Stakeholders have objected to the decision saying such measures are unwarranted and hurt Iran’s cryptomining industry as seen last year. 

It is often noted that cutting power to legal miners has no significant impact on the power network simply because their collective electricity consumption is negligible compared to most other sectors. 

Licensed miners say the utility should not cut supply to miners in every part of the country, as there are some regions with no shortages even during the peak season.

In mid-2019 the government said it would accept cryptomining as a legal industry.
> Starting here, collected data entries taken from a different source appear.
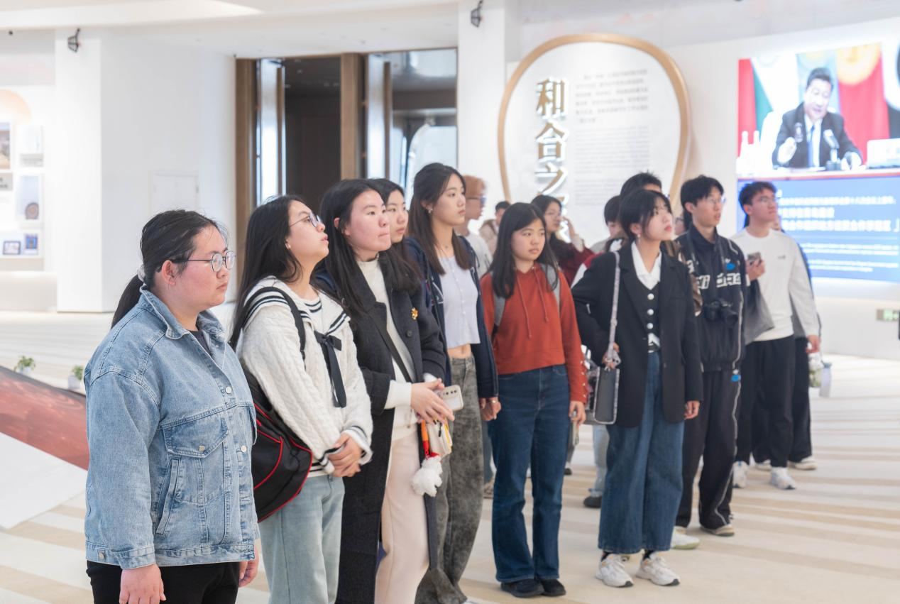 本次活动旨在增强学生对区域合作与国际组织运作的认识,深化课堂所学知识与现实世界的联系。在上合示范区工作人员的引导与讲解下,师生一行首先深入了解了示范区的发展历程、战略定位以及近年来在推动多边经贸合作、促进区域互联互通等方面取得的显著成就。随后,同学们分组前往三大展区,分别体验和探访了来自上合组织成员国的文化展示与地方特色产品。展区通过实物陈列、多媒体展示与沉浸式互动手段,呈现了各国在文化艺术、传统工艺、特色食品、旅游资源等方面的独特魅力。同学们纷纷表示,此次参观不仅加深了对上合国家文化差异与多样性的感知,也激发了他们对区域一体化和跨文化交流的兴趣与思考。
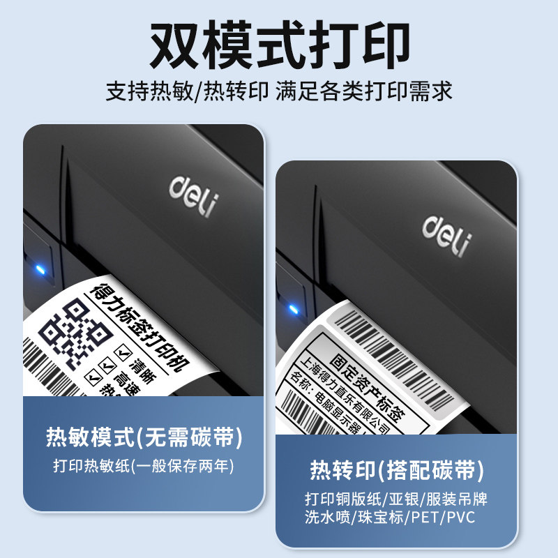 得力GE500W碳带打印机铜板亚银纸水洗唛热敏纸热转印双模打印888T
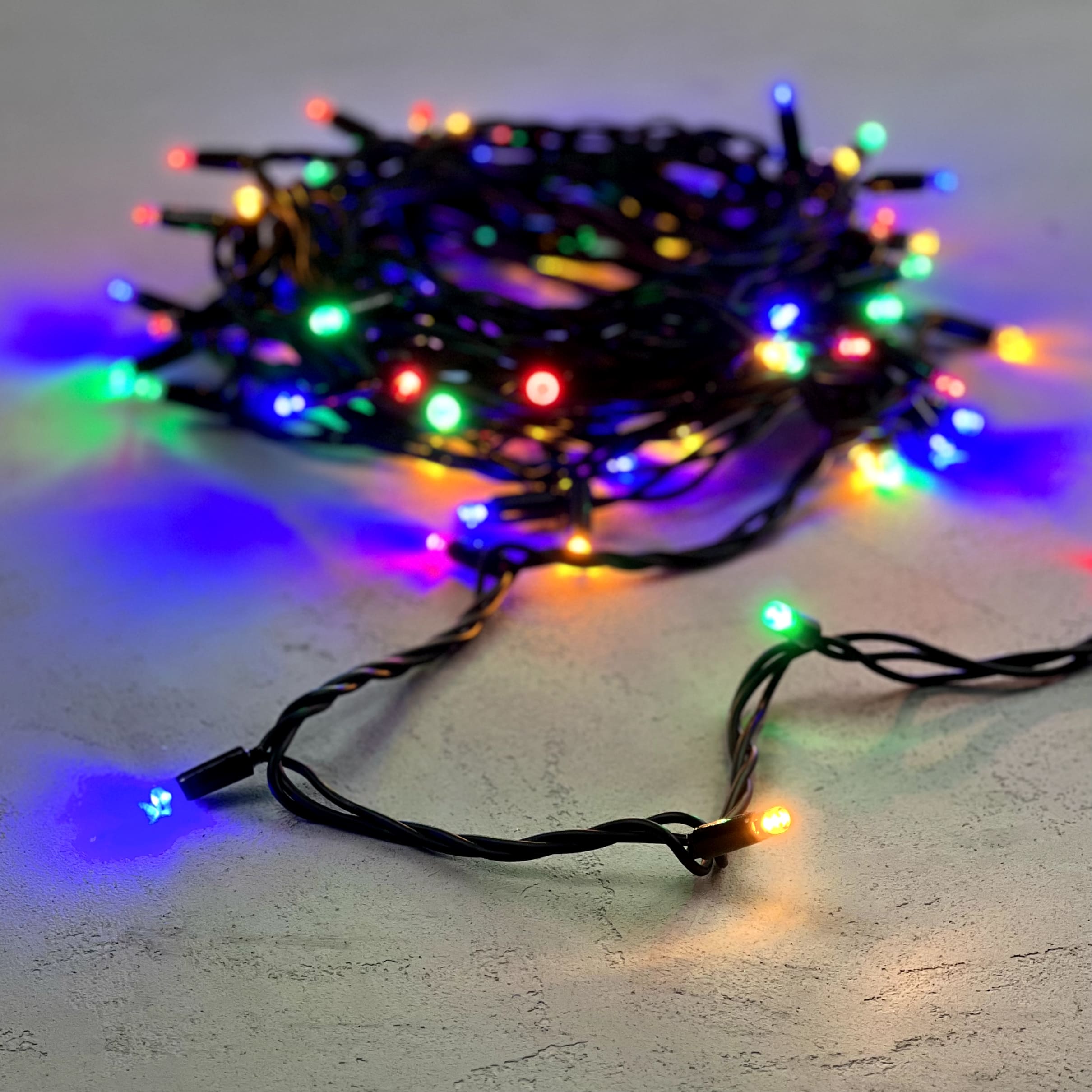 Гирлянда Нить 10м Разноцветная 220В, 75 LED, Провод Черный Каучук, IP54
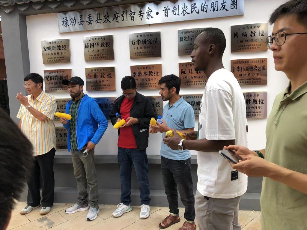 首先,禄劝县人民政府和我校纪韵祚教授对留学生的到来表示热烈的欢迎,并向同学们介绍禄劝县委县政府引智专家墙,随后邀请留学生们品尝了自主选育的甜玉米品种,受到了留学生们高度评价。

Miners were required to acquire license from the Ministry of Industries and pay electricity bills based on export rates.

However, cryptominers are blamed for power shortages that fuel public frustration in summer when the lights are off despite the fact that the share of authorized e-currency miners in the total national consumption is meager.

When the power situation worsened last summer, Tavanir started shutting cryptomining units to prevent blackouts.

To ease mounting pressure on the national grid, former president Hassan Rouhani last May ordered a blanket ban on all cryptomining until the end of summer.

Disbanded illegal cryptomining farms and centers in Iran are said to be near 6,900 since the crackdown began in 2020 and most were in five provinces, namely Tehran. 

Total power consumption of the banned centers was nearly 645 megawatts, which was the same as the annual consumption of three major provinces, namely North Khorasan, South Khorasan and Chaharmahal-Bakhtiari.

Tavanir last year claimed that illegal miners used 3.84 trillion rials ($16.5 million) in subsidized electricity and inflicted 380 billion rials ($1.3 million) in damages to the grid.

This is while, the Majlis Research Center, the research wing of the parliament, recently assessed the impact of the government ban on cryptomining and closure of unauthorized mining centers, saying that the policy was a failure. 

Results of the MRC review were published on its website, in which the ban is seen as unwanted, unhelpful and irrelevant.

“Estimates about the total volume of cryptocurrencies mined in Iran between April and August 2021 show that more than half the illegal miners were indifferent to the government’s decision to ban cryptomining,”the report said. 

It added that based on data from the Ministry of Industry, Mining and Trade “total power consumption of unauthorized cryptominers was in the range of 800 megawatts, whereas the national grid logged a deficit of 10,000 megawatts during the peak season.”